Posted a little test stack of HTMLX/Hyperscript in a OXT browser object.
That part was easy, going to the other way, ie stack to web will be harder, I think worth it.
So about that stack storage format:
Why not just raw text and directories?
I was converting LC UI to
Nuklear for
Love enginejust before the open source was canceled, which killed the motivation of inviting the Love crowd to help with that effort.
My script was based on an old one and for some reason it had A LOT of redudancy, let's see if I can find that example.
Code: Select all
--- button "Button",card id 1002,sample
Button:rect(10,12,92,35)
Button:height(23)
Button:width(82)
Button:loc(51,23)
Button:short name("Button")
Button:ID("1003")
Button:label("Button Label")
Button:toolTip("button tooltip")
Button:style("standard")
Button:visible(true)
Button:showName(true)
Button:autoHilite(true)
Button:opaque(true)
Button:sharedHilite(true)
Button:traversalOn(false)
Button:showfocusBorder(true)
Button:icon(0)
Button:hiliteIcon(0)
Button:borderWidth(2)
Button:textAlign("center")
Button:blendLevel(0)
Button:ink("srcCopy")
The idea behind this particular format is that it would be converted to Lua GUIs.
14 years later I had to figure out how to translate to Nuklear.
How this all worked was I exported the property of all objects and it all got buried in appropriate folders
So
stackName/
stackName_script.txt
stackName_properties.txt
Actually for the stack properties I'd just stored a text file with the script to set it's properties. Not sure why I thought that was good idea.
stackName/stackName_UI/
stackName/stackName_UI/stackName_cards/
stackName/stackName_UI/stackName_cards/card_1002/
stackName/stackName_UI/stackName_cards/card_1002/button
etc for fields, images, scrollbars, graphics, widgets, groups
Those final directories contained the files with the properties as shown above.

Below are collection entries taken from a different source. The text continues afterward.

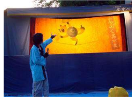
▲ぶんぶく茶がまの人形芝居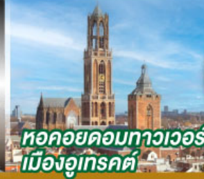
หอคอยคอกทาวเวอร์ เมืองอูเทรคต์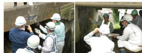
登米市での実証 (2018年7月10日)

時間短縮・コスト削減を望めるシーズの試行や、専門家による点検・補修のアドバイスを実施。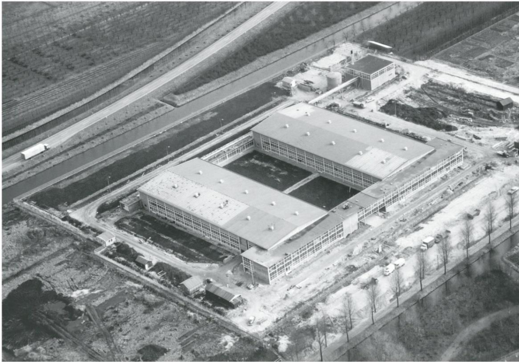
Figuur 8: Luchtfoto uit begin 1964 waarop de eerste fase bijna voltooid is. Achter de langgerekte voorbouw de twee productiehallen – links hal B, rechts hal A – die achteraan door een gang verbonden worden; rechtsboven het vrijstaande ketelhuis

In 1962-1964 wordt de eerste fase van het complex gerealiseerd bestaande uit twee evenwijdige productiehallen, een vrijstaand ketelhuis en een portiersloge. De twee door een binnenhof gescheiden hallen worden aan de voorzijde met elkaar verbonden door een langgerekte voorbouw van twee bouwlagen met plat dak en aan de achterzijde door een eenlaagse verbindingsgang.

I would sort the properties so large texts would be at the bottom of the list.
Although I was tempted to maybe make an exception for larger text type properties. I didn't store any images but I bet imageText property would be a mess.
Then there was a seperate directory for scripts, followed the same pattern of sub directories.
stackName/
stackName/stackName_Scripts/
stackName/stackName_Scripts/stackName_cards/card_1002/card_1002.txt
Oh yeah and another directory for custom properties, following the same structure.

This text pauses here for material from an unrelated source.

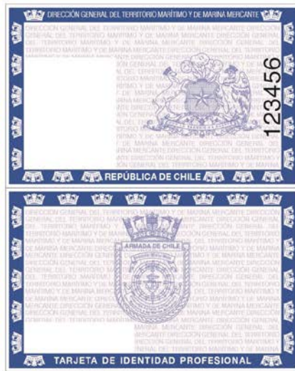
D.G.T.M. - 623 Ordinario NSL 7530 - N01 - 0596 2001

This was all just to back things up in case a stack was corrupted, we had some way of dumping the syntax colored scripts to HTML for
Scripter's Scrapbook (Aw looks like
Flexible Learning retired...some HC related stacks in there)
Looking at in the forum it's an eyesore, but if you go look at your Mac desktop and dig through a few folders, it works just fine, and the idea was never to actually look at those files, unless you lost a function or handler somewhere, then you'd use your file search to dig around for some variable , function name or property to find the text file.
The stackName_ redudancy probably wasn't necessary, adding extra length to paths which windows cries at me when I'm archiving to external drives. It was probably put there just to make sure a drag and drop didn't replace files.
So why not directories and raw text? That's what Mac OS X...what are they called? Bundles are. Ah but now I recalled they were chock full of XML too.
Could bind the whole thing up in Zip and then read the zips.